## Data shown

BEGIN

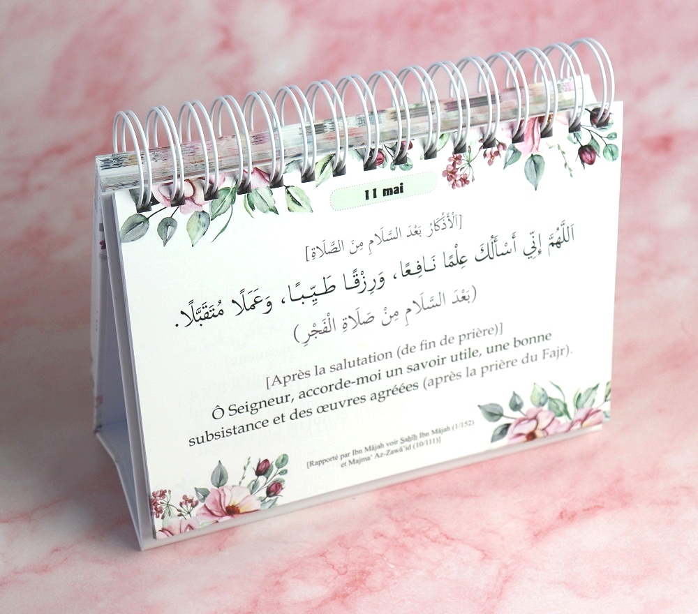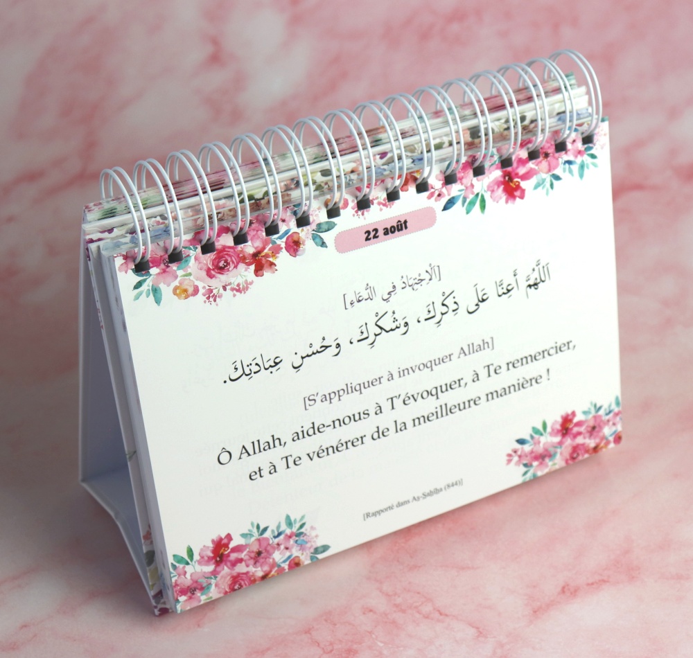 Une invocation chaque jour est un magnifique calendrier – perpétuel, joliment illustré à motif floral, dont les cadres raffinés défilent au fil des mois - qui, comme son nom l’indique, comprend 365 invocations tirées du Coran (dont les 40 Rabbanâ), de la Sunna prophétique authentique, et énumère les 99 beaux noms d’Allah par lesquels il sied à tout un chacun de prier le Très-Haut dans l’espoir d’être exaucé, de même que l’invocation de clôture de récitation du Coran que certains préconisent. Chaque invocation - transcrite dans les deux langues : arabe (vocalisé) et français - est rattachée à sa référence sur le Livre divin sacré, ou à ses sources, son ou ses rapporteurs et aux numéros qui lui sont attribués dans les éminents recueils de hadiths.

END
BEGIN

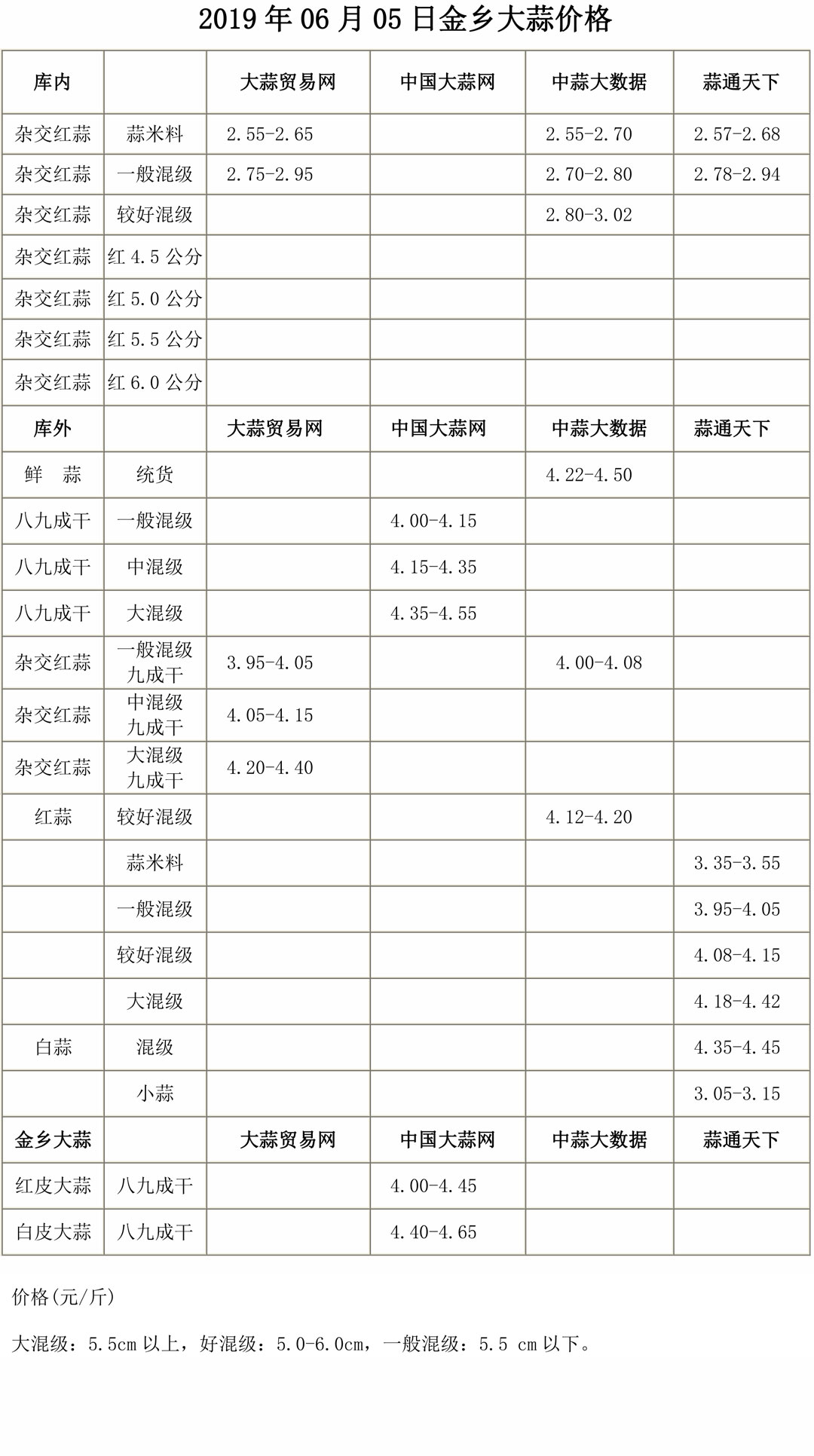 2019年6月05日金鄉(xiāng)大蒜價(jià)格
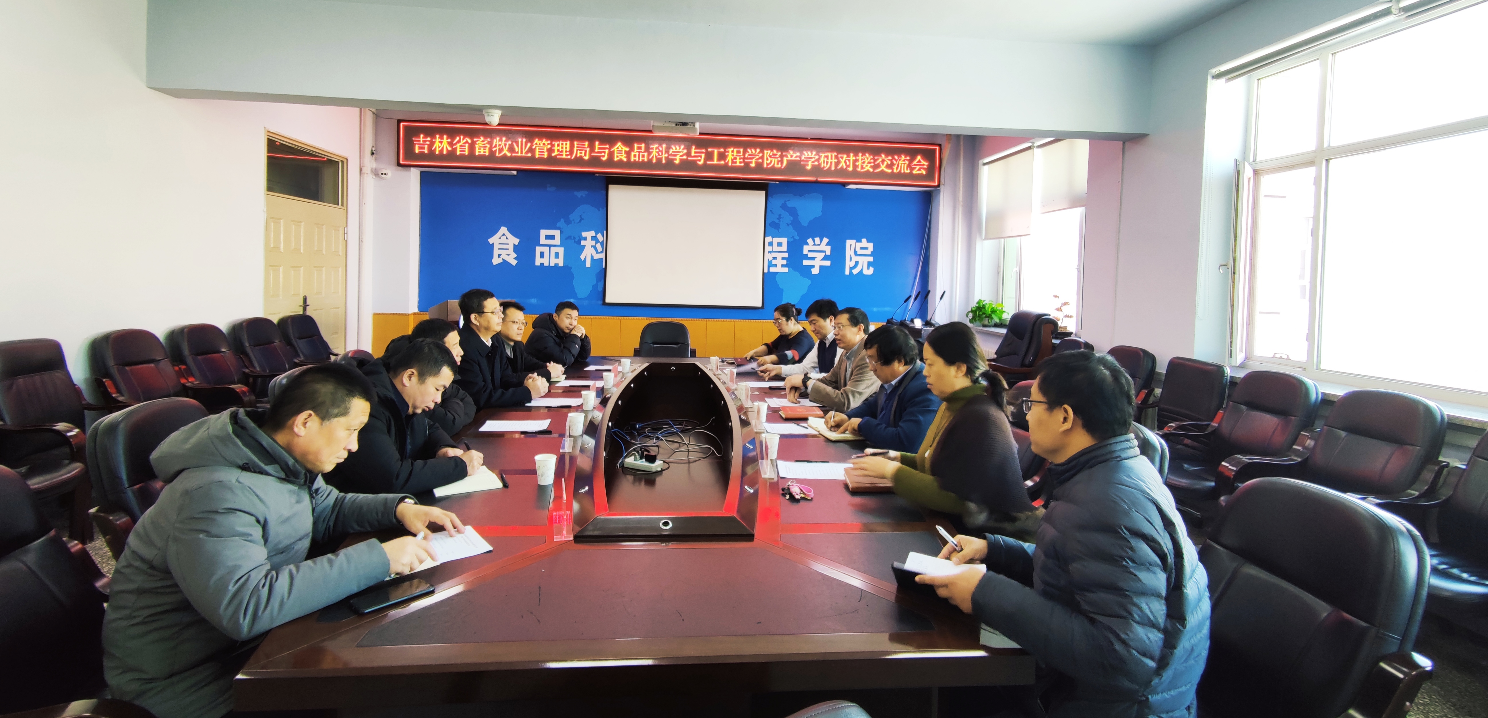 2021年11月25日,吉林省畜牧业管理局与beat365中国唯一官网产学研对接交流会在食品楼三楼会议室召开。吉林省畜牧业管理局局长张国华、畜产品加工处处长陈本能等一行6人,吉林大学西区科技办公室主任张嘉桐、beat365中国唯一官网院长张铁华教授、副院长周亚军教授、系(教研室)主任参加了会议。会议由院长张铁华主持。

END

## Instructions for the task
Range to print from the listing above: from the line with "2019年6月05日金鄉(xiāng)大蒜價(jià)格" up to and including the line with "2021年11月25日,吉林". Please print those lines exactly, with no pictures and nothing more.

## Answer box
 2019年6月05日金鄉(xiāng)大蒜價(jià)格
 2021年11月25日,吉林省畜牧业管理局与beat365中国唯一官网产学研对接交流会在食品楼三楼会议室召开。吉林省畜牧业管理局局长张国华、畜产品加工处处长陈本能等一行6人,吉林大学西区科技办公室主任张嘉桐、beat365中国唯一官网院长张铁华教授、副院长周亚军教授、系(教研室)主任参加了会议。会议由院长张铁华主持。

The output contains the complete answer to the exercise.